The 1966 Batman show's camper than a row of tents (with a beautiful car) but nice to see those.


----------



## apls (Dec 5, 2005)

What I would like to know is, what are the changes to the Bride of Frankenstein kit? The heads were fine, but is it more bottles? I am concerned about this because I wanted an acturate kit, but the wear on the jacket wasn't there.


----------



## SUNGOD (Jan 20, 2006)

Nice to see a Man of steel figure too though I'm surprised there's no more Avengers kits seeing as Black Widow and Iron Man have been done.


----------



## kenlee (Feb 11, 2010)

apls said:


> What I would like to know is, what are the changes to the Bride of Frankenstein kit? The heads were fine, but is it more bottles? I am concerned about this because I wanted an acturate kit, but the wear on the jacket wasn't there.

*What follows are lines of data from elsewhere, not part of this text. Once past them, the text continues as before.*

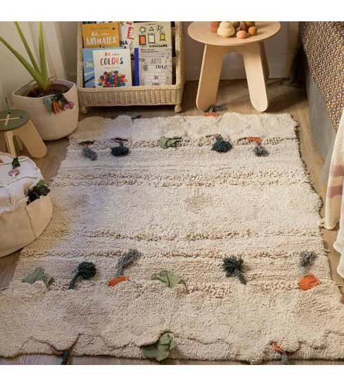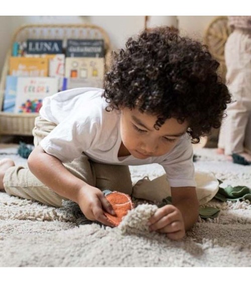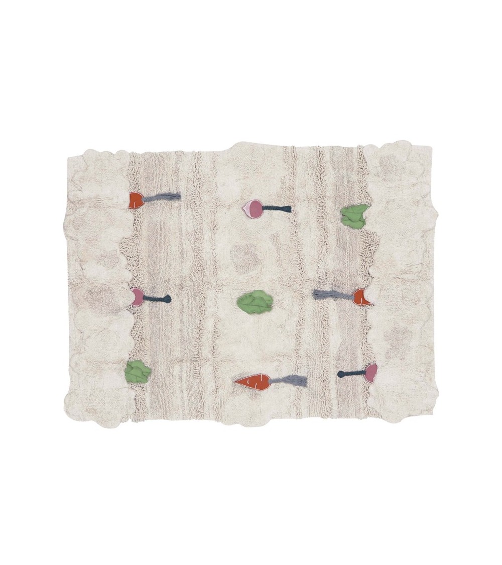 Ce tapis texturé beige, sert à la fois de décoration et à la fois de tapis de jeu pour une chambre d'enfant. Avec le tapis 15 légumes en tissus sont fournis - carottes, radis, feuille de kale - à cacher dans les reliefs du tapis qui représente un lopin de terre. Succès garanti auprès des enfants ! Il est fait main et est fabriqué en coton. Il est réalisé avec des colorants non toxiques. Chaque pièce est unique, il peut donc y avoir de petites variations de couleur et de forme. Certifié 18001, 14001, ISO 9001, il respecte toutes les normes de sécurité. Le plus de ce tapis : il est lavable en machine ! Le tapis est livré avec un antidérapant à positionner sous le tapis. Le tapis Washable Veggie Garden fait partie de la collection capsule de Oli&Carol et Lorena Canals. Il est dessiné en Espagne et fabriqué à la main en Inde au sein de l'usine de la marque. Lorena Canals est une entreprise éco-responsable créée il y a plus de 20 ans qui propose des tapis pour l'ensemble de la maison. Les tapis sont uniquement réalisés avec des matières et des teintures naturelles, tissés à la main. Livrable sous 1 ou 2 semaines. Dimensions du tapis : 120 x 160 cm.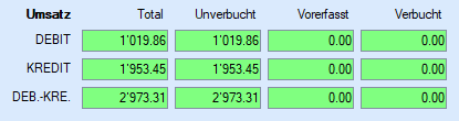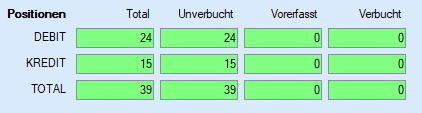 Total/Anzahl | Im Feld Total wird der laufende Saldo aller Buchungen des Stapels angezeigt. Im Feld Anzahl werden die im Stapel enthaltenen Anzahl Buchungen angezeigt. | ||||||||||||||||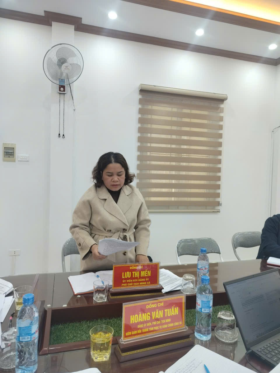 Đồng chí Lưu Thị Mến, Ủy viên Ban Thường vụ Đảng ủy, Phó Chủ tịch HĐND xã phát biểu tại buổi giám sát

From the facebook posting:

Resin statues of the Bride (new base, heads, minor changes), and the Creature (new base).

Not kits, but resin statues ready to display, no changes to the kits.


----------



## SUNGOD (Jan 20, 2006)

So is there any more new kits to be announced?


----------



## btbrush (Sep 20, 2010)

Still no Serenity. Oh well.


----------



## Zombie_61 (Apr 21, 2004)

RSN said:


> Well, yes they did say figure kits. If you follow the Facebook post, Frank said Round 2 has the Batmobile, he will be producing figure kits. A handy tool that Facebook! :thumbsup:


Ah...yeah, I hadn't read that. Besides, I was just crackin' wise. 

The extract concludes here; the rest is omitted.